§ DESCRIPTION OF THE TASK
Only the pictures are to be left out; return the rest of the data exactly as it stands.

DATA SEGMENT section start

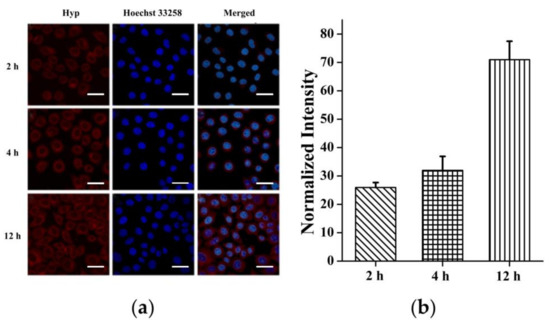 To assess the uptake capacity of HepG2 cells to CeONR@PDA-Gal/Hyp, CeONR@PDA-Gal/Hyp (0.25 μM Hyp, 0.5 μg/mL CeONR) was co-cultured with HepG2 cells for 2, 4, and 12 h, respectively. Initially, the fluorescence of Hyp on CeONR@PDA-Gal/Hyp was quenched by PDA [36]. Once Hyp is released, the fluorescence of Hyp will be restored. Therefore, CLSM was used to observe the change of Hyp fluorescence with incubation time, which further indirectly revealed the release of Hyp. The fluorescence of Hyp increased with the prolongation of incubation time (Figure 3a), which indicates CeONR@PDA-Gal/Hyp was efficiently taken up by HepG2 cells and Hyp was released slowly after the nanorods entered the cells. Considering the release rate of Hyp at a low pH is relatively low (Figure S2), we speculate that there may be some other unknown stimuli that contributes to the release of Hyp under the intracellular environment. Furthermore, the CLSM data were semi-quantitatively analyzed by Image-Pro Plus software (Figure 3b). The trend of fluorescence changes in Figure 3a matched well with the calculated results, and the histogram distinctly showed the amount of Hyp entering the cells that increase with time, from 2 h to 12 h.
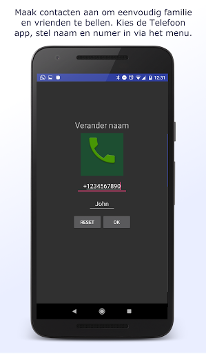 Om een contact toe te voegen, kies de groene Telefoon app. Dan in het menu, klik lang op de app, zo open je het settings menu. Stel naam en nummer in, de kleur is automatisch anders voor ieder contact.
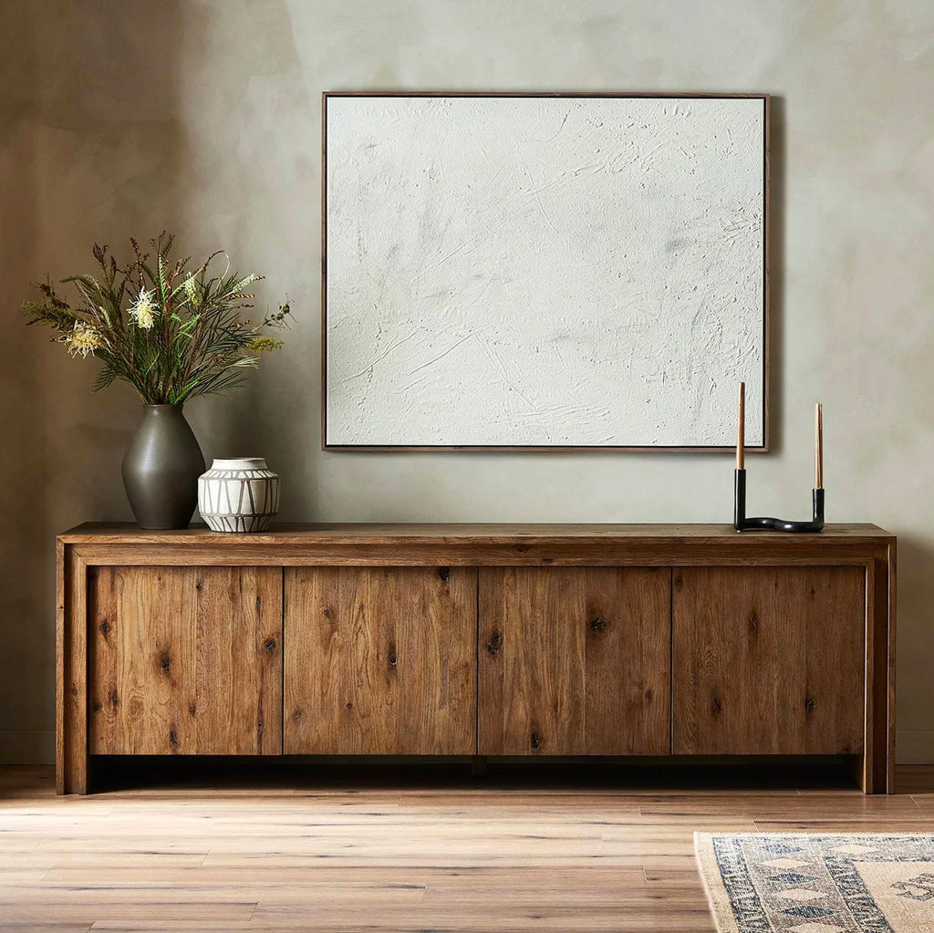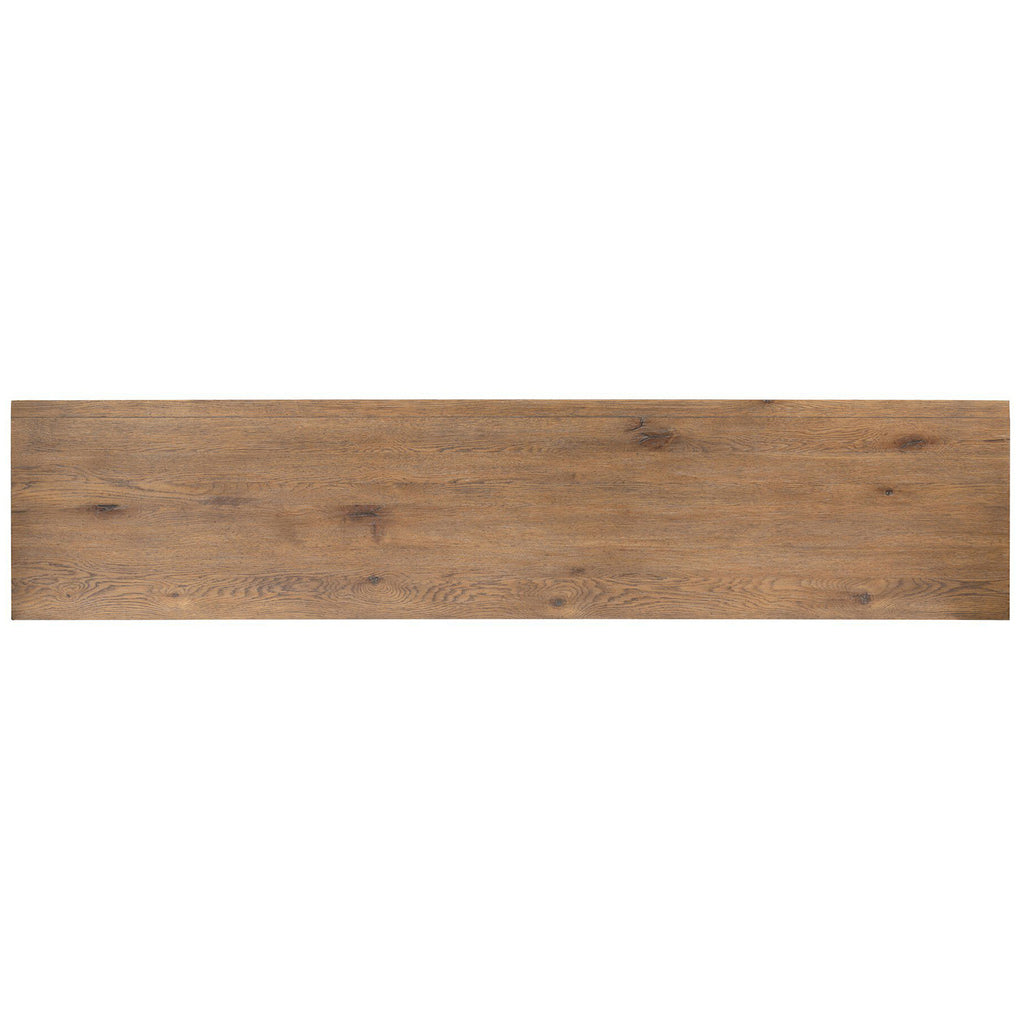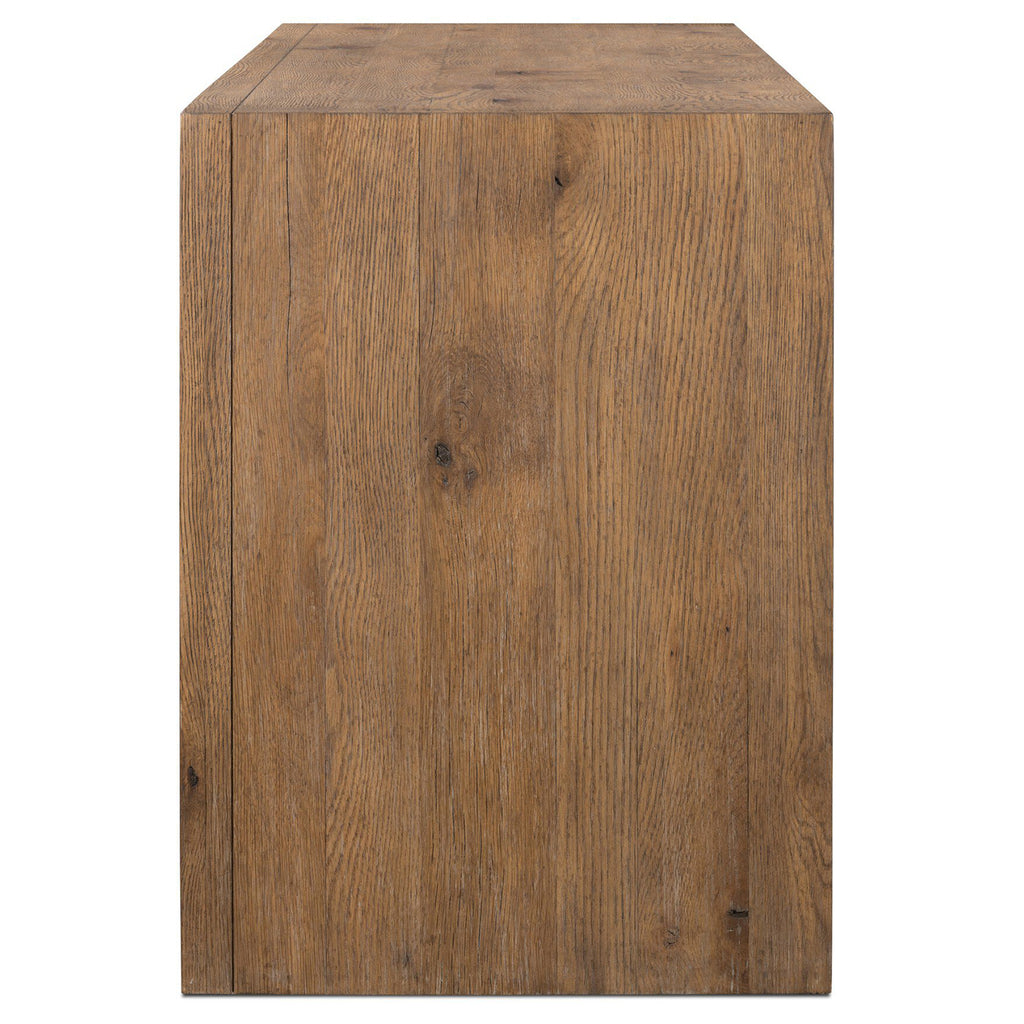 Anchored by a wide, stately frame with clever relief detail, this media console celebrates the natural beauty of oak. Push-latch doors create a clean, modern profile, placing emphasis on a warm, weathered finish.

DATA SEGMENT section end

§ EXPECTED OUTPUT
 To assess the uptake capacity of HepG2 cells to CeONR@PDA-Gal/Hyp, CeONR@PDA-Gal/Hyp (0.25 μM Hyp, 0.5 μg/mL CeONR) was co-cultured with HepG2 cells for 2, 4, and 12 h, respectively. Initially, the fluorescence of Hyp on CeONR@PDA-Gal/Hyp was quenched by PDA [36]. Once Hyp is released, the fluorescence of Hyp will be restored. Therefore, CLSM was used to observe the change of Hyp fluorescence with incubation time, which further indirectly revealed the release of Hyp. The fluorescence of Hyp increased with the prolongation of incubation time (Figure 3a), which indicates CeONR@PDA-Gal/Hyp was efficiently taken up by HepG2 cells and Hyp was released slowly after the nanorods entered the cells. Considering the release rate of Hyp at a low pH is relatively low (Figure S2), we speculate that there may be some other unknown stimuli that contributes to the release of Hyp under the intracellular environment. Furthermore, the CLSM data were semi-quantitatively analyzed by Image-Pro Plus software (Figure 3b). The trend of fluorescence changes in Figure 3a matched well with the calculated results, and the histogram distinctly showed the amount of Hyp entering the cells that increase with time, from 2 h to 12 h.
 Om een contact toe te voegen, kies de groene Telefoon app. Dan in het menu, klik lang op de app, zo open je het settings menu. Stel naam en nummer in, de kleur is automatisch anders voor ieder contact.
 Anchored by a wide, stately frame with clever relief detail, this media console celebrates the natural beauty of oak. Push-latch doors create a clean, modern profile, placing emphasis on a warm, weathered finish.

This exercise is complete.